There should be no pictures in your answer, only an exact copy of the lines from the one with "Der Fördergurt von" through the end of the material.
· · ·
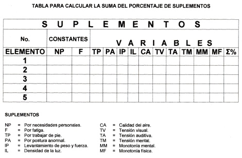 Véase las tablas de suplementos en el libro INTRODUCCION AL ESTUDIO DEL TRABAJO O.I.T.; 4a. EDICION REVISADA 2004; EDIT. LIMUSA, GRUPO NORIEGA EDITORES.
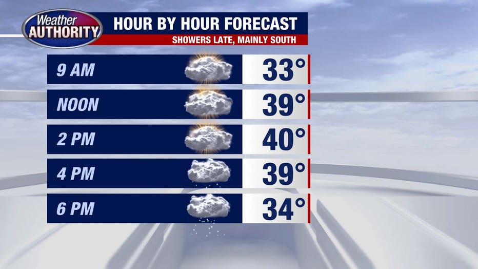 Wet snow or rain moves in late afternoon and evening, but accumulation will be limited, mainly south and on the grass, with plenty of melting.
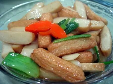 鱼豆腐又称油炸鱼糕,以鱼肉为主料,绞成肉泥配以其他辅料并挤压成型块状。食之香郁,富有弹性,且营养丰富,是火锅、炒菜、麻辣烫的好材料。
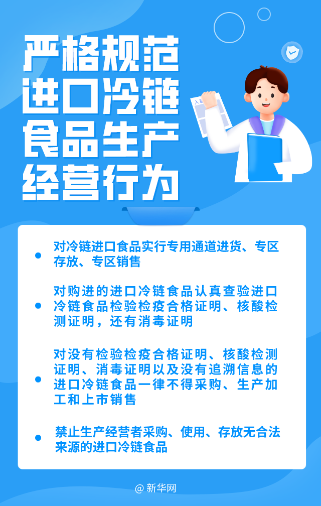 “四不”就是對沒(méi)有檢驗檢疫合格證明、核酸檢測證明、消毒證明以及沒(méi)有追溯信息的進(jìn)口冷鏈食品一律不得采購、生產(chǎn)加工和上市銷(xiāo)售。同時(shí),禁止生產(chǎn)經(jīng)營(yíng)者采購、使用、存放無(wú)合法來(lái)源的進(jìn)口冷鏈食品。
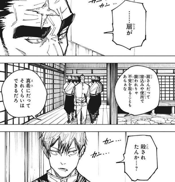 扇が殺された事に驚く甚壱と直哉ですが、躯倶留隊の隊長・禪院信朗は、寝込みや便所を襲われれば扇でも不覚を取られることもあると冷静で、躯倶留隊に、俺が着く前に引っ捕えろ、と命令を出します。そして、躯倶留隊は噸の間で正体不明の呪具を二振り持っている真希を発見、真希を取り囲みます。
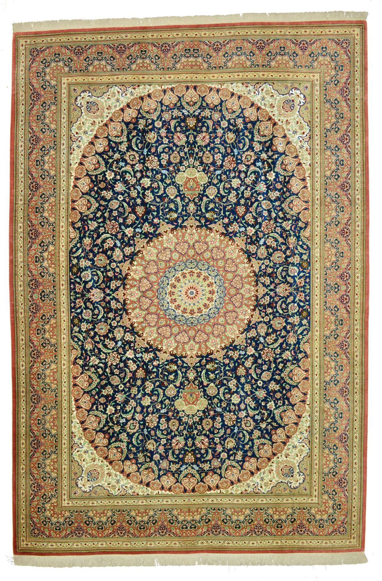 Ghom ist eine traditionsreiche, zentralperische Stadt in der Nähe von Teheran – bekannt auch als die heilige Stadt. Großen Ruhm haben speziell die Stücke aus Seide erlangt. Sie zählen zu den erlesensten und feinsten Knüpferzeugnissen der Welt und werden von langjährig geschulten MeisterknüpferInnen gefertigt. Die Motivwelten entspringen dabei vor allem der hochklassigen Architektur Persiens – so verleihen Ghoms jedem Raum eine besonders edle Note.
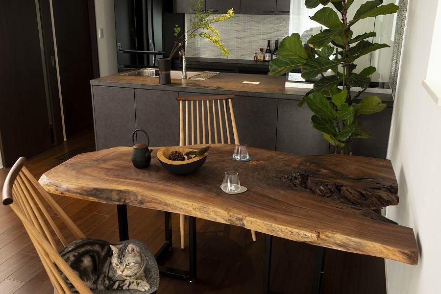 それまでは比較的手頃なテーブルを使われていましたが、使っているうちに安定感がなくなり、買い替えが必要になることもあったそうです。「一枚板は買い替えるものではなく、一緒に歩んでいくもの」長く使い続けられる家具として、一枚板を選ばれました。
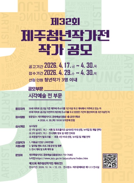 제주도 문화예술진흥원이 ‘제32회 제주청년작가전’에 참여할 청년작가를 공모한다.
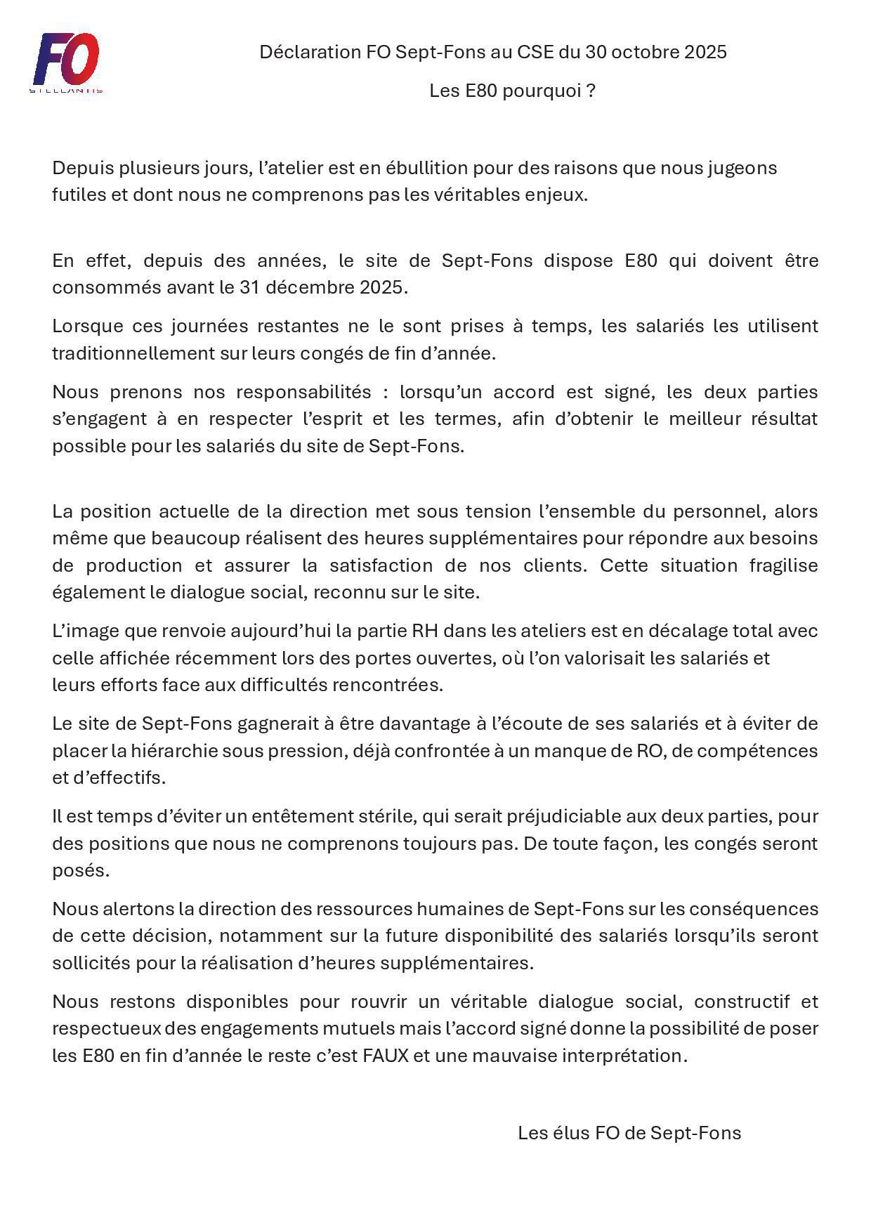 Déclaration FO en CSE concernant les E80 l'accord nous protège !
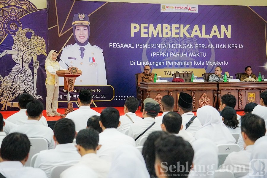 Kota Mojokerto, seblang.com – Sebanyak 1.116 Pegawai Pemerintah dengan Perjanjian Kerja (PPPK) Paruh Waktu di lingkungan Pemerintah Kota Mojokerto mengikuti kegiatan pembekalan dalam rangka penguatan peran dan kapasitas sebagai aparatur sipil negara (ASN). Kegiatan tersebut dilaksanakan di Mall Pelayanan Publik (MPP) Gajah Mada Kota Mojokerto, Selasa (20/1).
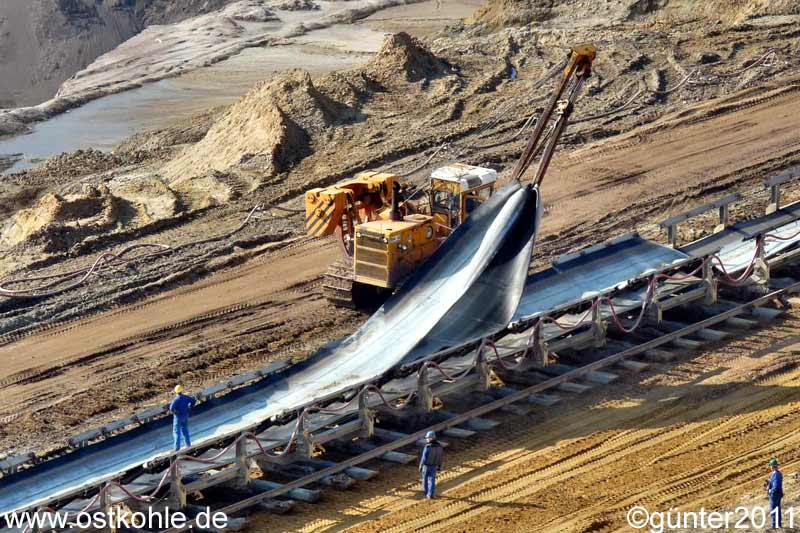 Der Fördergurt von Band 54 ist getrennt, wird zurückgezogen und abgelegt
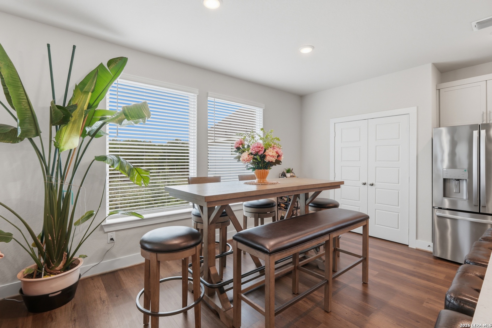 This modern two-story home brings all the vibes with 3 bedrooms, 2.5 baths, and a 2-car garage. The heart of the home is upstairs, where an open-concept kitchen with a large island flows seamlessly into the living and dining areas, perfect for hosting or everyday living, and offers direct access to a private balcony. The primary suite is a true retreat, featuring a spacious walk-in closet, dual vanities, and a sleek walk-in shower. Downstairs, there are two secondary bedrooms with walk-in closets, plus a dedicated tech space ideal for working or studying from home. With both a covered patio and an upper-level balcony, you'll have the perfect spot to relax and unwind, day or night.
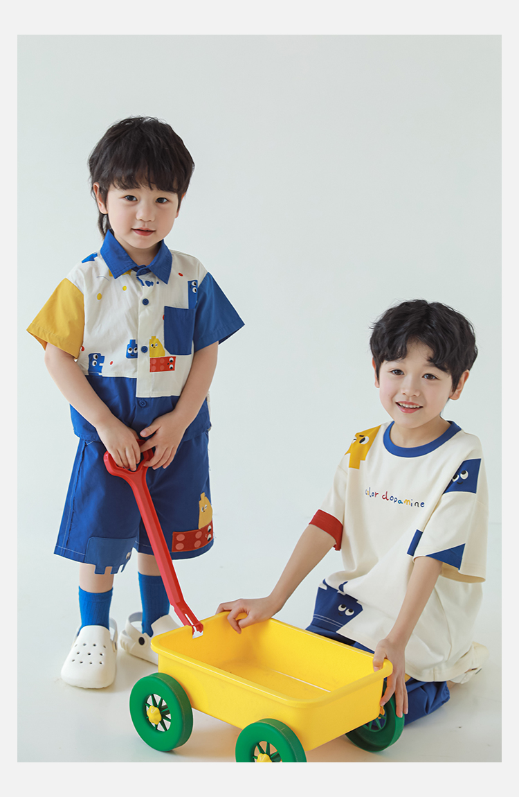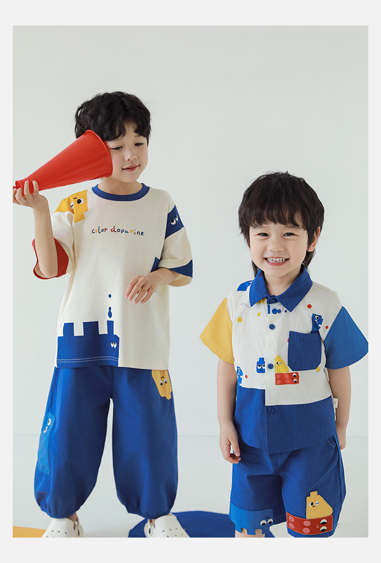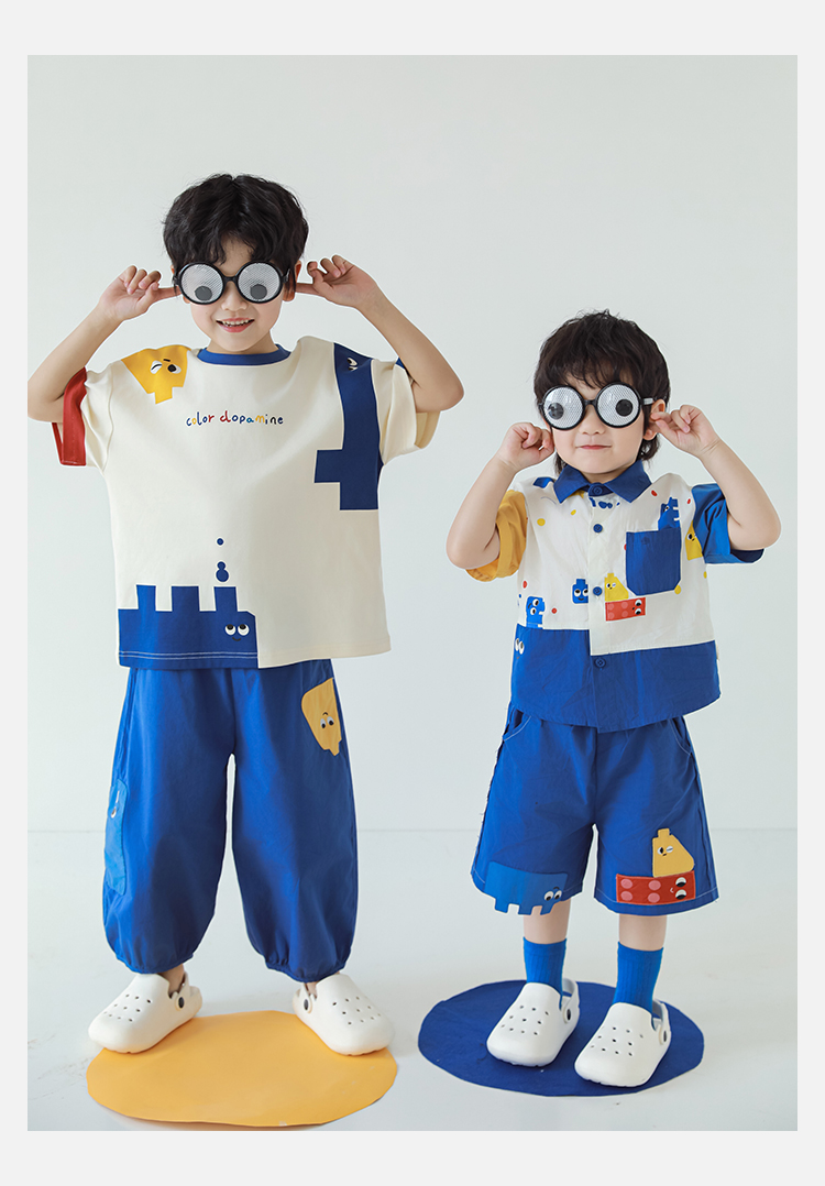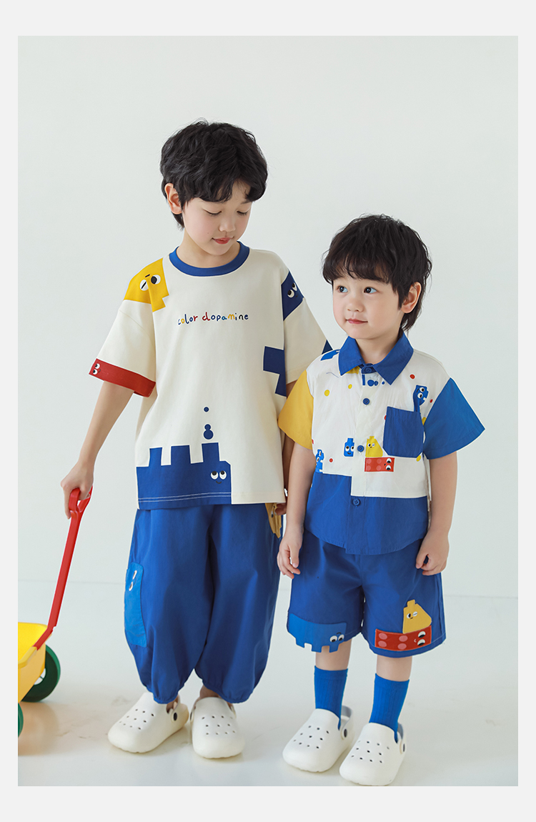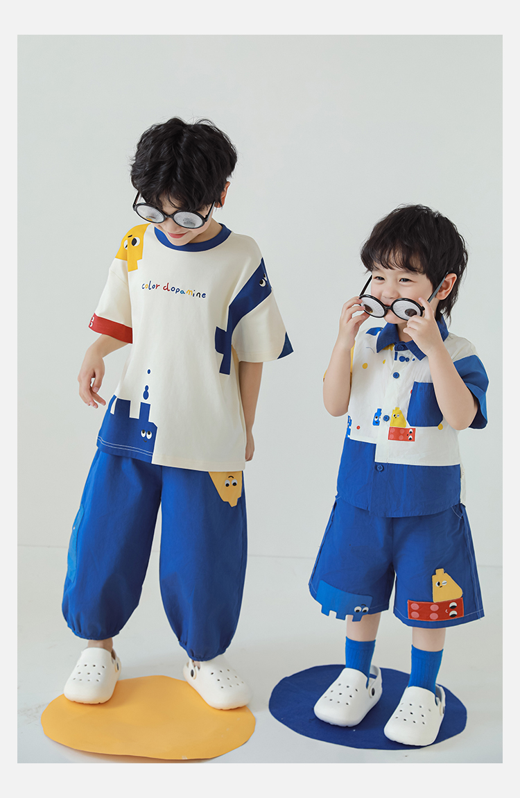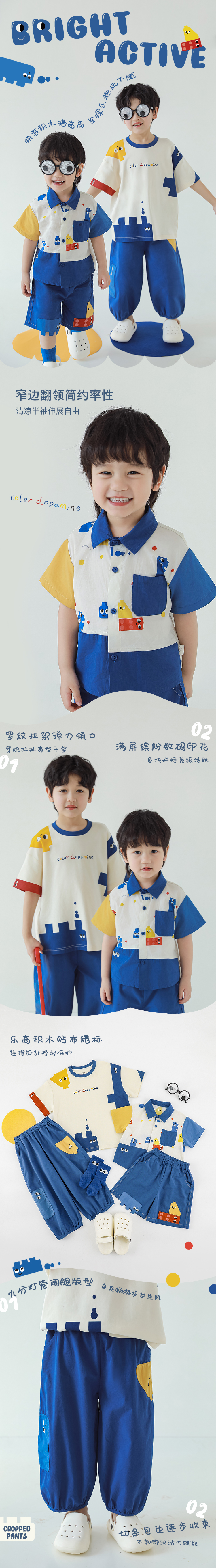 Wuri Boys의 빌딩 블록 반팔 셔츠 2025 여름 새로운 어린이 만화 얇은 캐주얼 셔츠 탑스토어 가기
· · ·
**ANSWER SPACE**
 Der Fördergurt von Band 54 ist getrennt, wird zurückgezogen und abgelegt
 This modern two-story home brings all the vibes with 3 bedrooms, 2.5 baths, and a 2-car garage. The heart of the home is upstairs, where an open-concept kitchen with a large island flows seamlessly into the living and dining areas, perfect for hosting or everyday living, and offers direct access to a private balcony. The primary suite is a true retreat, featuring a spacious walk-in closet, dual vanities, and a sleek walk-in shower. Downstairs, there are two secondary bedrooms with walk-in closets, plus a dedicated tech space ideal for working or studying from home. With both a covered patio and an upper-level balcony, you'll have the perfect spot to relax and unwind, day or night.
 Wuri Boys의 빌딩 블록 반팔 셔츠 2025 여름 새로운 어린이 만화 얇은 캐주얼 셔츠 탑스토어 가기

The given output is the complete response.